The listing below has to be output exactly as given, less its pictures.
/---
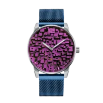 This dial captures the perspective of a city seen from above — a structured maze of rooftops, light, and motion.
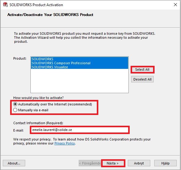 Aktivering och deaktivering görs på samma sätt inne i SOLIDWORKS Product Activation. Först får vi välja vilka licenser som ska aktiveras/deaktiveras. Sedan får vi välja vilken metod som ska användas. Rekommenderat är att välja alternativet Automatically over the internet, och då måste en mejladress fyllas i. Tryck sedan på Nästa, se bild nedan.
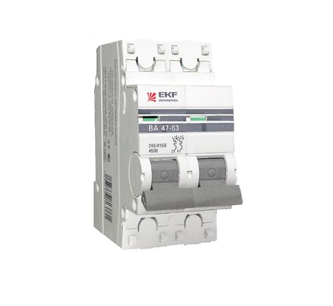 Выключатель автоматический 2п 50А С ВА 47-63 4,5кА ЭКФ. Предназначен для защиты электрических установок от перегрузок и коротких замыканий, а также для нечастых включений и отключений электрических цепей. Устанавливается только в сухих помещениях.
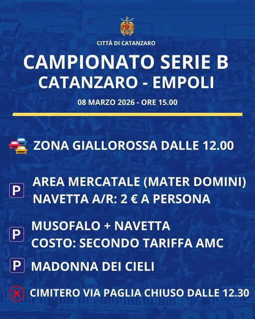 Dalle ore 12:00 di domani, nelle zone adiacenti allo Stadio Nicola Ceravolo, sarà attiva la “Zona Giallorossa”.
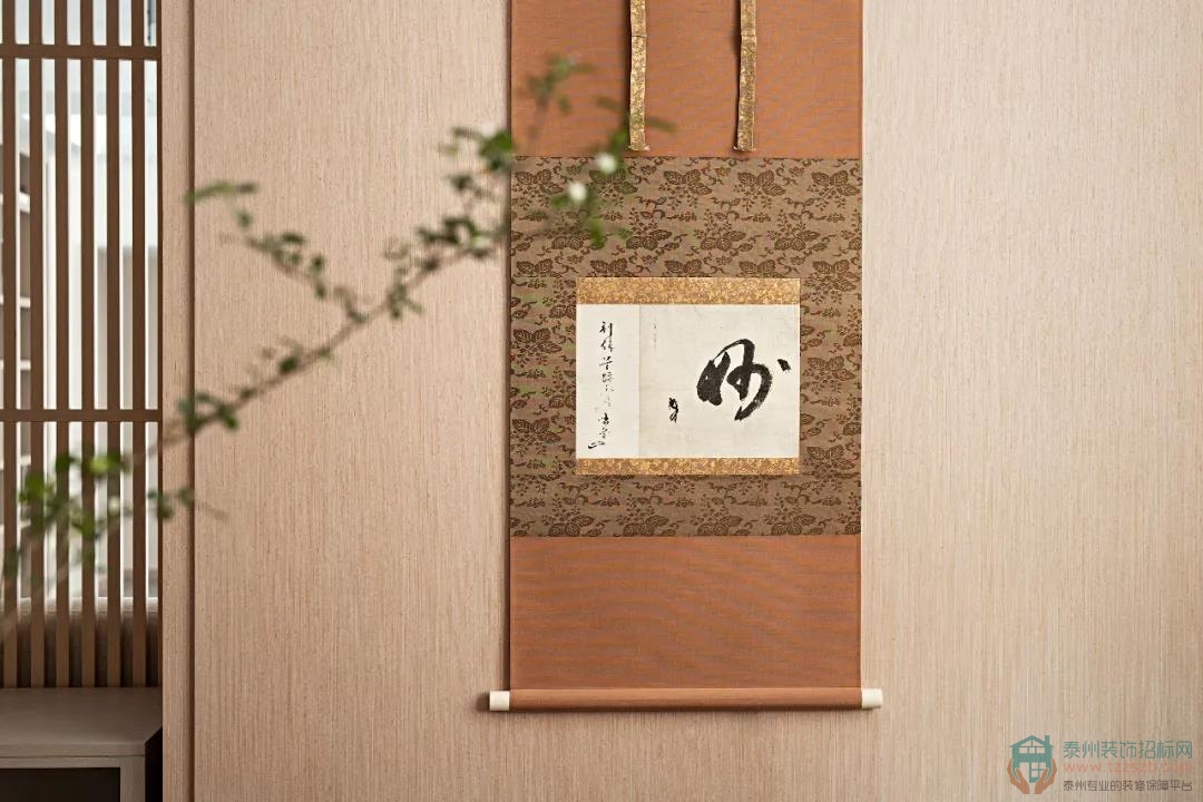 茶藝區(qū)的茶掛來源于日本茶圣——千利休所書寫的一行書“妙”。 “妙”,用來表現(xiàn)一些抽象的內(nèi)在肌理,而這些肌理當(dāng)今依然無法明確解說,但人們卻可以自然的體會(huì)到它的存在,這樣奇特的、難以描摹的感受就自然而然用一字“妙”來表達(dá)。
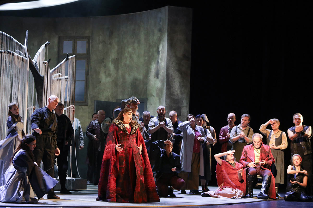 Martina Gresia kao Norma i Ivica Čikeš kao Oroveso uz članove Zbora HNK u Zagrebu / Snimila Mara Bratoš
\---
Answer for the task:
 This dial captures the perspective of a city seen from above — a structured maze of rooftops, light, and motion.
 Aktivering och deaktivering görs på samma sätt inne i SOLIDWORKS Product Activation. Först får vi välja vilka licenser som ska aktiveras/deaktiveras. Sedan får vi välja vilken metod som ska användas. Rekommenderat är att välja alternativet Automatically over the internet, och då måste en mejladress fyllas i. Tryck sedan på Nästa, se bild nedan.
 Выключатель автоматический 2п 50А С ВА 47-63 4,5кА ЭКФ. Предназначен для защиты электрических установок от перегрузок и коротких замыканий, а также для нечастых включений и отключений электрических цепей. Устанавливается только в сухих помещениях.
 Dalle ore 12:00 di domani, nelle zone adiacenti allo Stadio Nicola Ceravolo, sarà attiva la “Zona Giallorossa”.
 茶藝區(qū)的茶掛來源于日本茶圣——千利休所書寫的一行書“妙”。 “妙”,用來表現(xiàn)一些抽象的內(nèi)在肌理,而這些肌理當(dāng)今依然無法明確解說,但人們卻可以自然的體會(huì)到它的存在,這樣奇特的、難以描摹的感受就自然而然用一字“妙”來表達(dá)。
 Martina Gresia kao Norma i Ivica Čikeš kao Oroveso uz članove Zbora HNK u Zagrebu / Snimila Mara Bratoš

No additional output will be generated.